ENTRIES SUPPLIED:
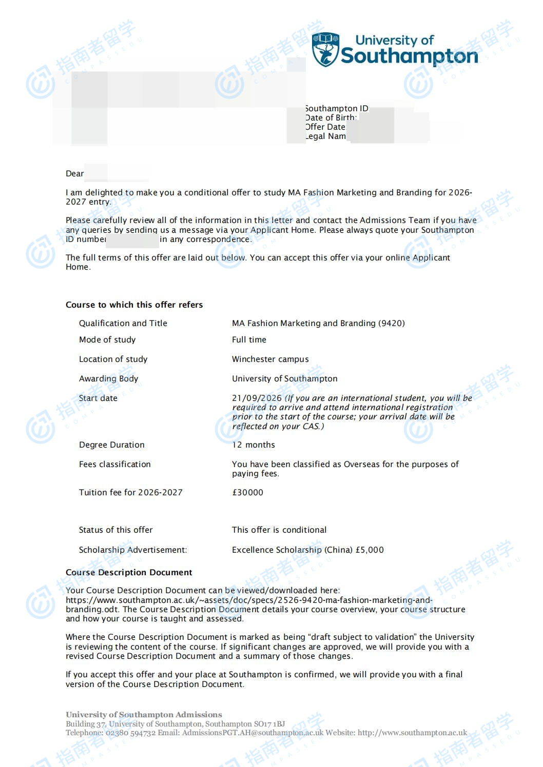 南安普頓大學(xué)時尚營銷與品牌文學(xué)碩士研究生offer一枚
==
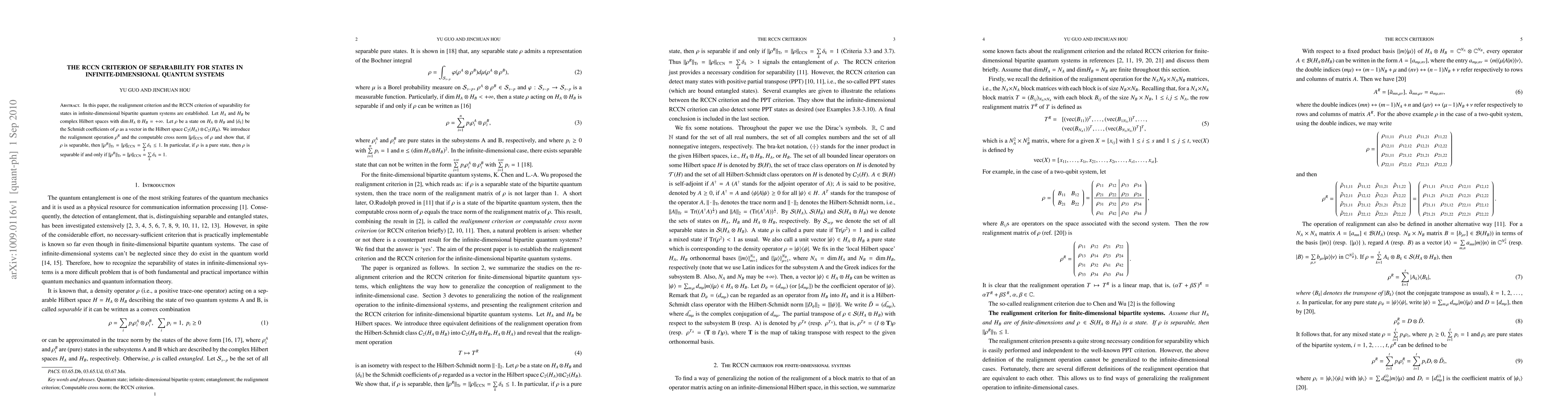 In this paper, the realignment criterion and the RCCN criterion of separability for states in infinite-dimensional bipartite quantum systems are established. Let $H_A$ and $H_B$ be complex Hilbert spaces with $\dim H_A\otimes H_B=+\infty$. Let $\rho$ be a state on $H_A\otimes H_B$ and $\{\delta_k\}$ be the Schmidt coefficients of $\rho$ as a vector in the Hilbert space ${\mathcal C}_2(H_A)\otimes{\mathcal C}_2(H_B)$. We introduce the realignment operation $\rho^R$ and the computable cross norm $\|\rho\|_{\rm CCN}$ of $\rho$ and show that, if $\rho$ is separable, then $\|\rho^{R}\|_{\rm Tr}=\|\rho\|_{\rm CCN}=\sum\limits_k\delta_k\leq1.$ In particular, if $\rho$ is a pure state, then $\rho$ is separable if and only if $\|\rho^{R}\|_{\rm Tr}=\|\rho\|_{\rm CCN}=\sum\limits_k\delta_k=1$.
* * *
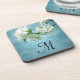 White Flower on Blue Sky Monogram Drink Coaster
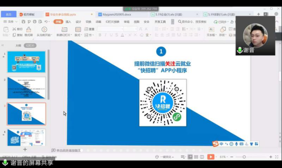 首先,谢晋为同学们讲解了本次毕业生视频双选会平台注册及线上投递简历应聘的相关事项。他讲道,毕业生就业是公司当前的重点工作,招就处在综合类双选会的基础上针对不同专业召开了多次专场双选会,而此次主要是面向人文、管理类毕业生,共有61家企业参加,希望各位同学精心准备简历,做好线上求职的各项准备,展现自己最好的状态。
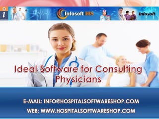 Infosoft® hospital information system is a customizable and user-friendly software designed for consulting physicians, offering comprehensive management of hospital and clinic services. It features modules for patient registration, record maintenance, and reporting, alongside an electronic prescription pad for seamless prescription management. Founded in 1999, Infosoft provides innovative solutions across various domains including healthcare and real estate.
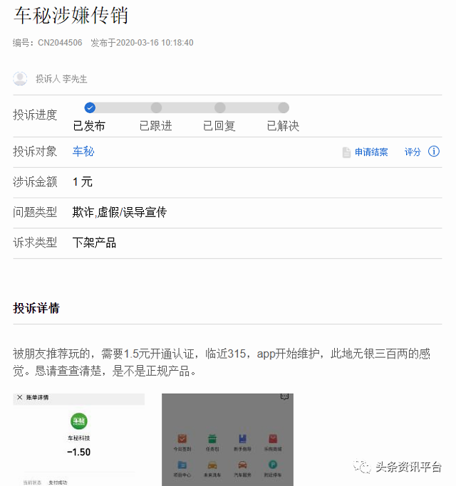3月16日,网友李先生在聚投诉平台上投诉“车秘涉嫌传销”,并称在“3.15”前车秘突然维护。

PROBLEM TO SOLVE: Using the listing above, repeat word for word each line from the one with "White Flower on" down to the one with "3月16日,网友李先生在聚投", both included. Omit all pictures.

RESPONSE:
 White Flower on Blue Sky Monogram Drink Coaster
 首先,谢晋为同学们讲解了本次毕业生视频双选会平台注册及线上投递简历应聘的相关事项。他讲道,毕业生就业是公司当前的重点工作,招就处在综合类双选会的基础上针对不同专业召开了多次专场双选会,而此次主要是面向人文、管理类毕业生,共有61家企业参加,希望各位同学精心准备简历,做好线上求职的各项准备,展现自己最好的状态。
 Infosoft® hospital information system is a customizable and user-friendly software designed for consulting physicians, offering comprehensive management of hospital and clinic services. It features modules for patient registration, record maintenance, and reporting, alongside an electronic prescription pad for seamless prescription management. Founded in 1999, Infosoft provides innovative solutions across various domains including healthcare and real estate.
3月16日,网友李先生在聚投诉平台上投诉“车秘涉嫌传销”,并称在“3.15”前车秘突然维护。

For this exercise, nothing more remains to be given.